Große Trauer um Lilly, die am Linzer Bahnhof starb.
Nach dem tragischen Fall in Linz fordert eine Bürgerinitiative automatische Bremssysteme für Buggys.

Immer noch stehen Kerzen für Lilly am Bahnhof Ebelsberg in Linz. Ein Kuscheltier sitzt auch dort, Lillys Eltern hinterließen einen Brief an ihren "Sonnenschein": Lilly, 18 Monate jung, starb, weil ihr Kinderwagen vom Bahnsteig rollte und von einem Zug mitgerissen wurde.

"Das hätte nicht passieren müssen", ist Arnold Prutsch überzeugt: Ein automatisches Bremssystem am Kinderwagen hätte das Wegrollen verhindert, durch den Sog des Zuges wäre der Buggy maximal umgekippt, glaubt der Steirer. "Da muss man sich einmal hineinversetzen: Dein Kind ist weg, aber dann wird auch noch diskutiert, ob die Mutter vielleicht fahrlässig gehandelt hat." Die Oberösterreicherin ließ den Wagen am Bahnsteig stehen, um im Untergeschoß schnell ein Ticket zu kaufen.

Bürgerinitiative

Lillys tragischer Tod lässt Prutsch und seinen Freund Alexander Windisch nun wieder aktiv werden: Mittels parlamentarischer Bürgerinitiative wollen sie ein gesetzlich verpflichtendes, automatisches Bremssystem an Kinderwagen erwirken. 500 Unterschriften sind für den Start nötig. Danach wird die Initiative auf der Parlamentshomepage im Internet veröffentlicht und ist frei für elektronische Unterschriften von Unterstützern. Nach Ablauf einer gewissen Frist muss sie vom zuständigen Nationalrats-Ausschuss behandelt werden.

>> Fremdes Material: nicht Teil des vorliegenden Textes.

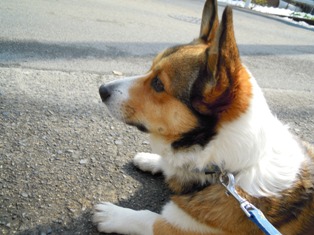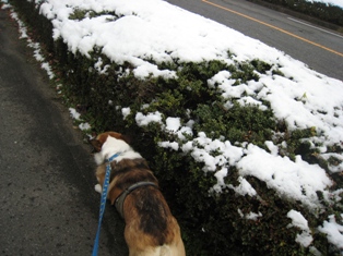 さすけは、朝の散歩の後は道路にベタ~となって当分帰りません。道路の雪も溶けました。
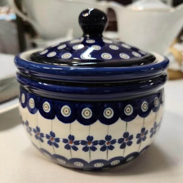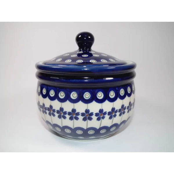 Ceramiczny pojemnik do przechowywania o pojemności 750 ml, dekorowany ręcznie metodą stempelkową motywem w barwach kobaltu i błękitu od Zakładów Ceramicznych Bolesławiec.

Windisch und Prutsch sind bereits seit 2007 an dem Thema dran. Auslöser war ein Unglück in Gratkorn nördlich von Graz: Ein Kinderwagen rollte durch ein Loch in einem Zaun in die Mur. Die Mutter des Babys sprang hinterher, um es zu retten. Beide ertranken. "Wir waren damals selbst junge Väter, das war für uns extrem", erinnert sich Prutsch. Deshalb tüftelten sie an einem Bremssystem und ließen den Namen "Stopp or go" schützen. Sie funktionierten einfach eine Fahrradbremse um und montierten sie an einen Kinderwagen: Ließ man sie los, stoppte der Wagen.

Der Verein für Konsumenteninformation würde ein automatisches System begrüßen. "Alles, das die Sicherheit verbessert, ist gut", überlegt Experte Christian Undeutsch. Ob es auch Lillys tragischen Unfall verhindert hätte, ließe sich aber nicht sagen. "Unter Umständen, aber das müsste man untersuchen."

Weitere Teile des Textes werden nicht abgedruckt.